By default, we use 2048 frequency bins in Fourier transform. Because of the symmetry properties of Fourier transform, only the first 1025 values of 2048 values are retained. (See also https://en.wikipedia.org/wiki/Nyquist%E2%80%93Shannon_sampling_theorem)


The size of the second dimension is the number of frames.


#### Resampling audio
The loaded audio file is sampled at 44.1 kHz.
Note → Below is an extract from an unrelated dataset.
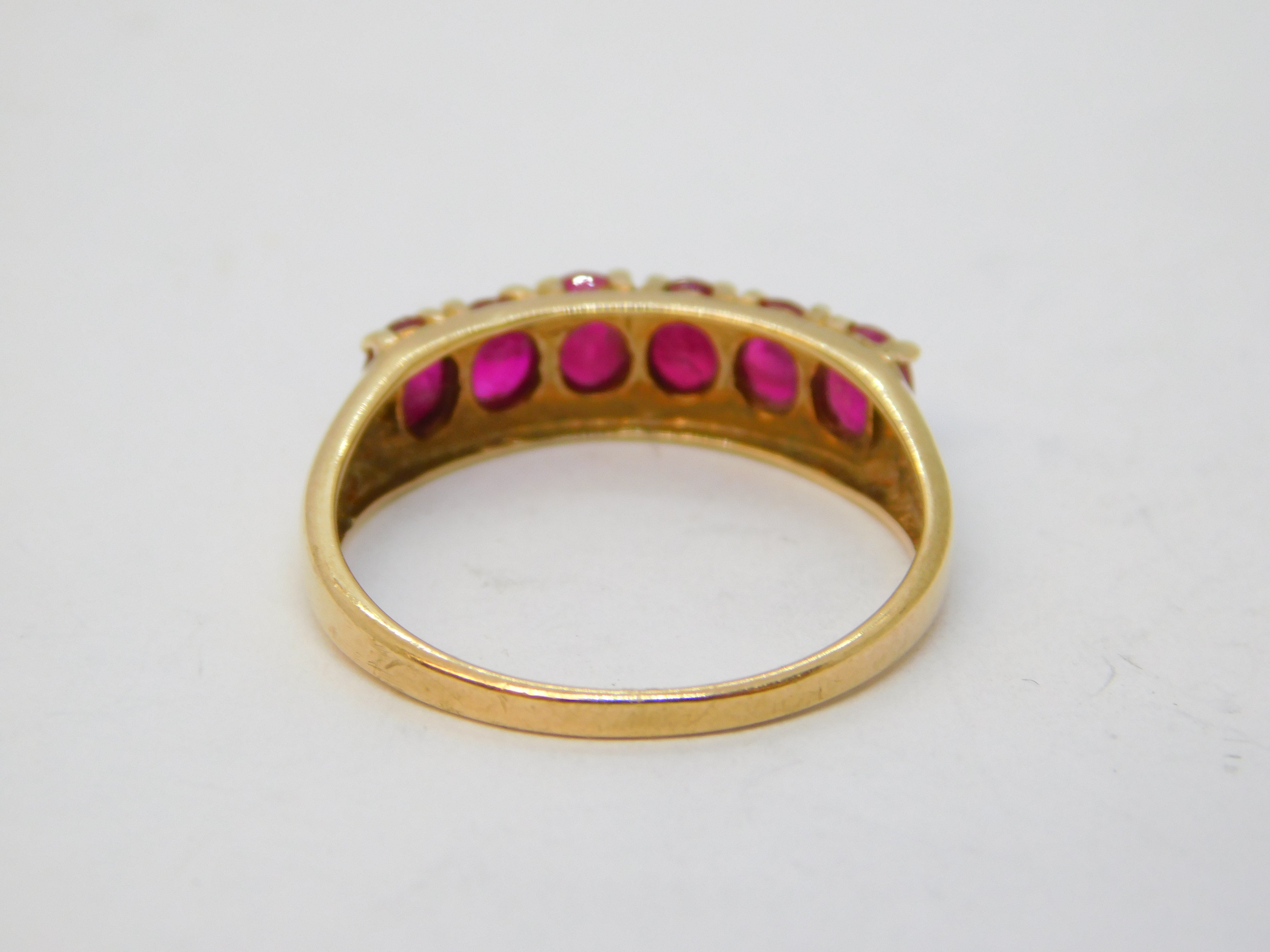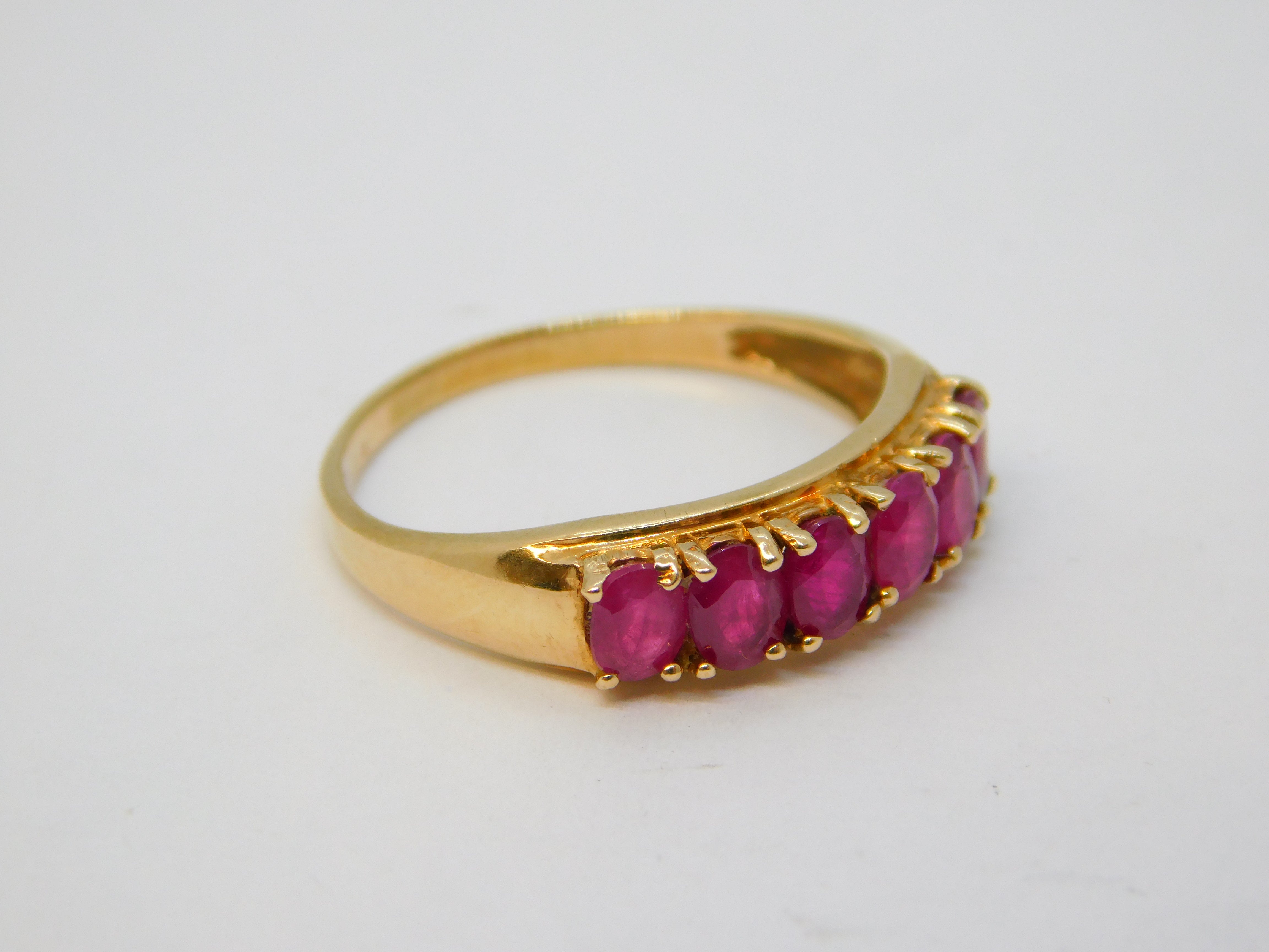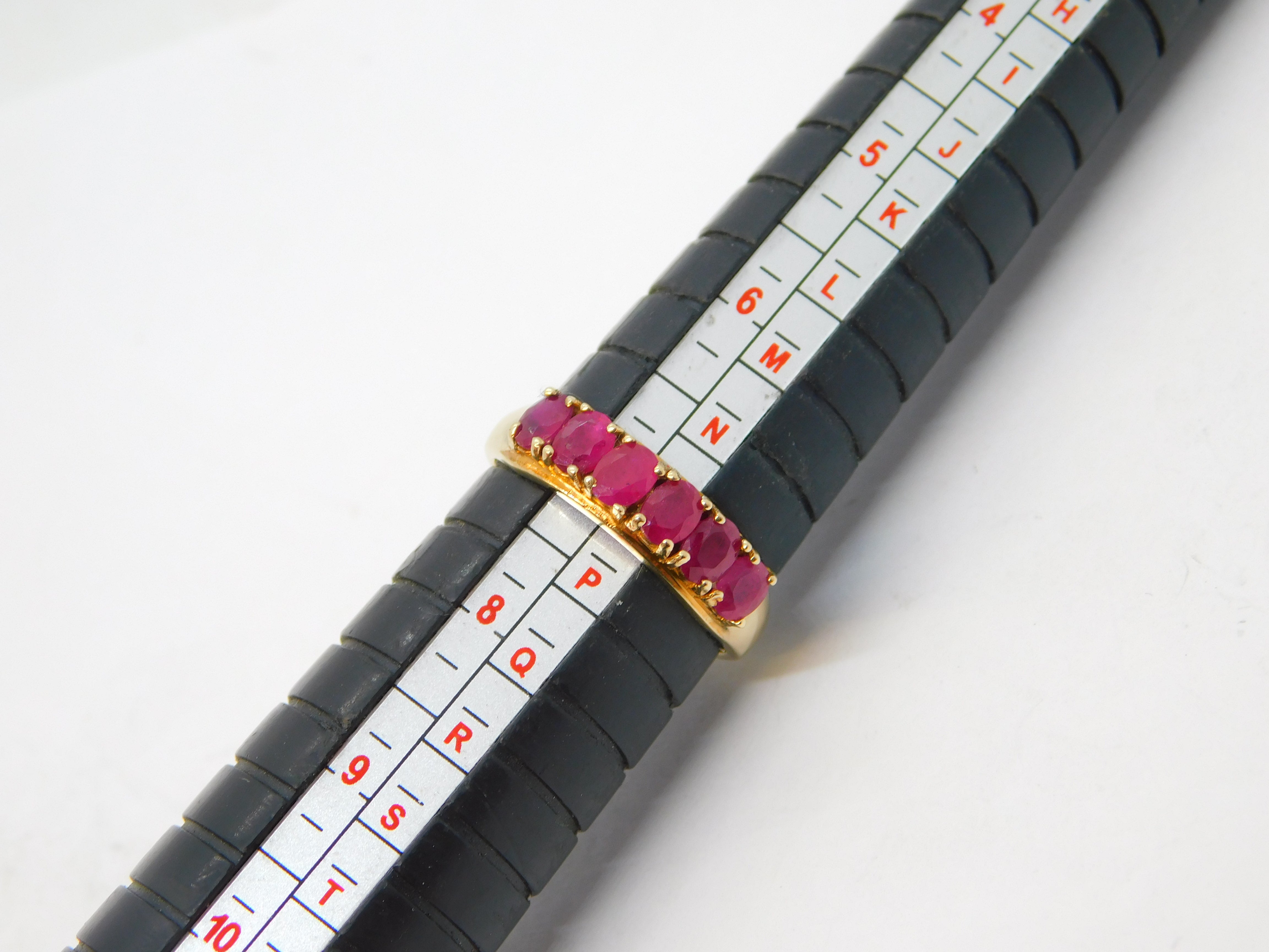 Details: A fantastic and wonderfully designed vintage 10ct yellow gold six-stone dress ring set with oval cut natural rubies, the gold has been XRF tested and the rubies have been machine tested. This is a wonderful item that would make a perfect gift or addition to any collection. We are more than happy to provide XRF reports for items upon request.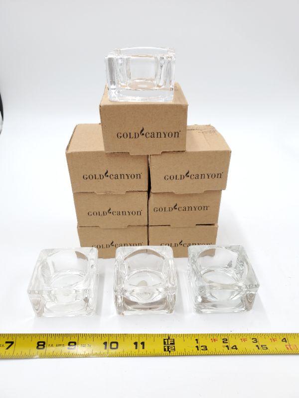 10 Gold Canyon square glass votive holders, 7 new in box. (1 was removed for photos)

Let's resample the audio to 8 kHz:

In [None]:
audio_signal = librosa.resample(audio_signal, sampling_rate, 8000)
sampling_rate = 8000

window_length = int(0.025 * sampling_rate)
hop_length = int(0.01 * sampling_rate)

spectrogram = np.abs(librosa.stft(audio_signal, hop_length=hop_length, win_length=window_length))
librosa.display.specshow(librosa.amplitude_to_db(spectrogram, ref=np.max), sr=sampling_rate, hop_length=hop_length, y_axis='linear', x_axis='time')
plt.title('Spectrogram')
plt.colorbar(format='%+2.0f dB')
plt.tight_layout()

#### Audio steganography with the least significant bit (LSB) coding
The idea is to embed hidden data (secret message) into a speech file (carrier). After embedding the secret message, the altered speech file should sound like the original carrier file.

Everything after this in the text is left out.